Growing up in a family of lawyers, it always seemed fairly obvious that being an attorney is generally a noble and advantageous profession, especially when it comes to a career in politics.
But, what if times have changed? What if higher education is not the qualification it used to be? What if it's a - gulp! - negative?
A couple of high-profile elections might soon answer those questions.
Clearly, education will be part of the backstory if/when Wisconsin Gov. Scott Walker, he of recall-survival fame, gets serious about a 2016 White House run. Not only is he a non-lawyer, but the governor makes no secret of not earning a college degree, although we might say "yet." PolitiFact reports that he intends to obtain one soon - perhaps through a credit-for-experience program he helped establish as governor.
However, we do not have to wait for Gov. Walker to test the higher education theory. The lawyer, not-lawyer issue has gained sudden prominence in what The Daily Beast describes as "Iowa's ugliest Senate race ever."
The DB sets the scene: "Iowa's Senate race may be one of the most coldly methodical face-offs in the country this November... In one corner is Democrat Bruce Braley, a four-term congressman from the industrial city of Waterloo. In the other is Republican Joni Ernst, a first-term state senator and lieutenant colonel in the Iowa National Guard from the rural county seat of Red Oak. Both candidates have clear strengths, clear weaknesses, and campaigns that are not afraid to go for the jugular."
The "he's a darn lawyer!" angle blasted into the spotlight after a video, shot at an out-of-state fundraiser and widely distributed via Internet, showed Rep. Braley warning supporters that they "... might have a farmer from Iowa who never went to law school, never practiced law, serving as the next chair of the Senate Judiciary Committee."
He meant U.S. Sen. Chuck Grassley, Iowa's popular senior senator. And the implications of how he feels about farmers was not exactly positive.
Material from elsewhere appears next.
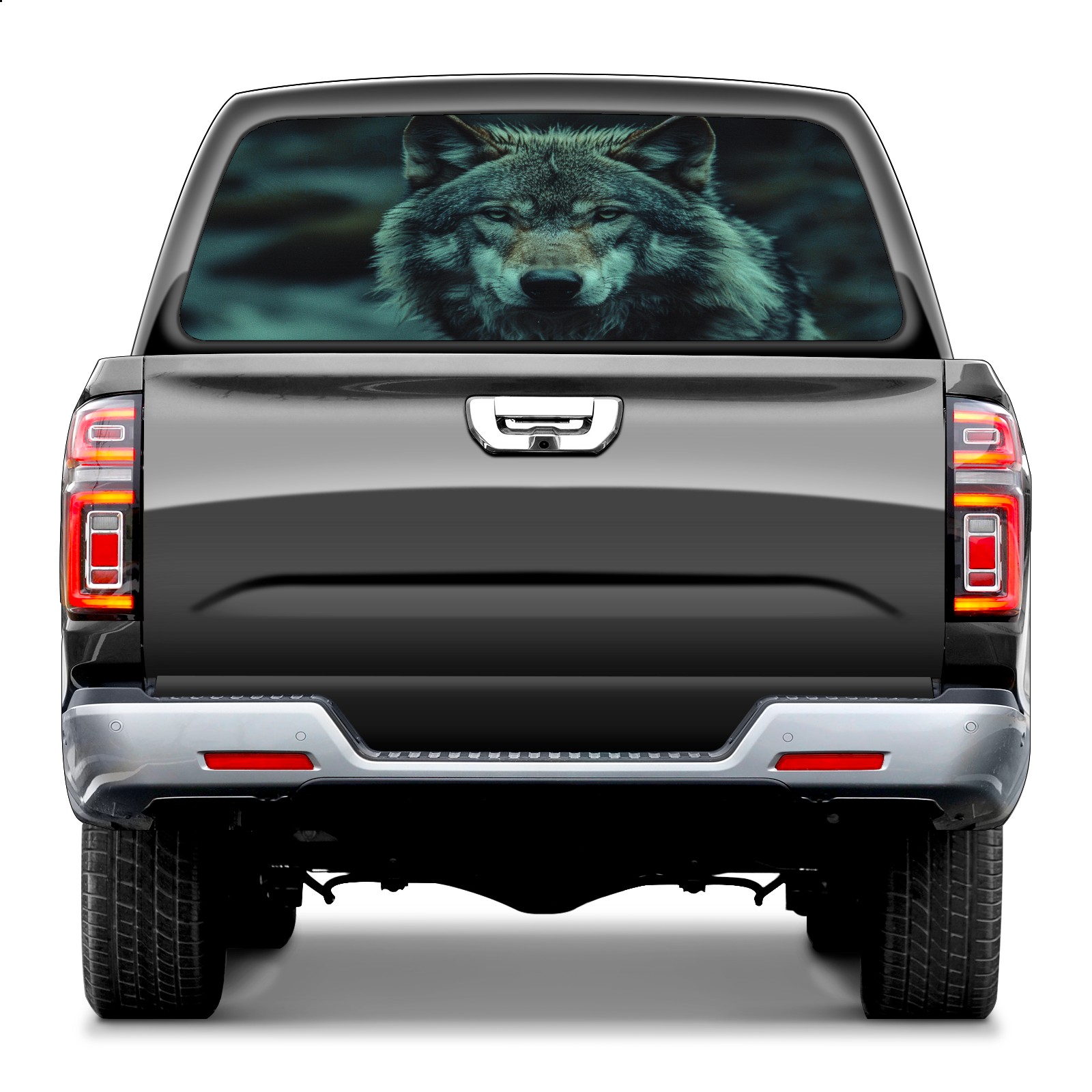 Truck Rear Window Graphic Decals Wolf At Night (1) Pickup Car Window Stickers 66" x 22" Truck Back Window Perforated Vinyl Window Film Decal for Trucks SUV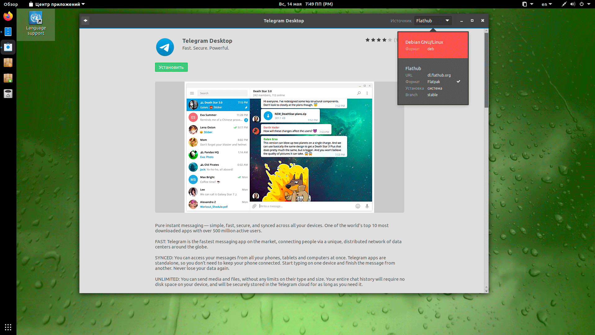Магазин, как мы уже говорили выше, интегрирован с Flatpak и при наличии альтернатив он является предпочтительным. На наш взгляд это правильно, так как версии ПО в официальных репозиториях могут быть не только старыми, а откровенно устаревшими, как, например, Telegram версии 3.1.1, против актуальной версии 4.8.1 в Flatpak.

All hell broke loose. The Des Moines Register newspaper noted that "... the remarks by Braley, a trial lawyer and congressman who is running in the high-stakes open race for retiring U.S. Sen. Tom Harkin's seat, quickly caught fire on Twitter and various national news sites. Many political insiders predicted that this incident will bruise a campaign that they've been confident would see victory in November."
The newspaper also cited "politics expert" David Yepsen saying "... this is bad for Braley and it will hurt him. Chuck Grassley is a political icon."
In response to the video, Grassley spokeswoman Beth Pellett Levine said that "... by the logic expressed on this recording, a trial lawyer shouldn't be involved in policy making about agriculture, or energy, or health care."
The Braley campaign was on task, issuing a quick apology. And that might have been the end of the "lawyer" theme.
Except for the chickens.
A Republican blogger broke the story that Braley "... forced the neighborhood association around his summer home to pay nearly $2,000 in legal fees he accrued after his wife complained about a neighbor's chickens." The report was that the chickens were animal-assisted therapy, crossing into the Braley's yard.
Now, the lawyer angle has legs, or maybe we should say wings. In today's super-charged politics of negativity, one instance of "obnoxious lawyer" behavior is a gaffe, but two offers a negative-ad "narrative." It's worth noting that Braley is actually a bit of a lawyer's lawyer - he was elected to the House in 2006, but previously served as president of the "Iowa Association for Justice" - the trial lawyer group - from 2003 to 2004.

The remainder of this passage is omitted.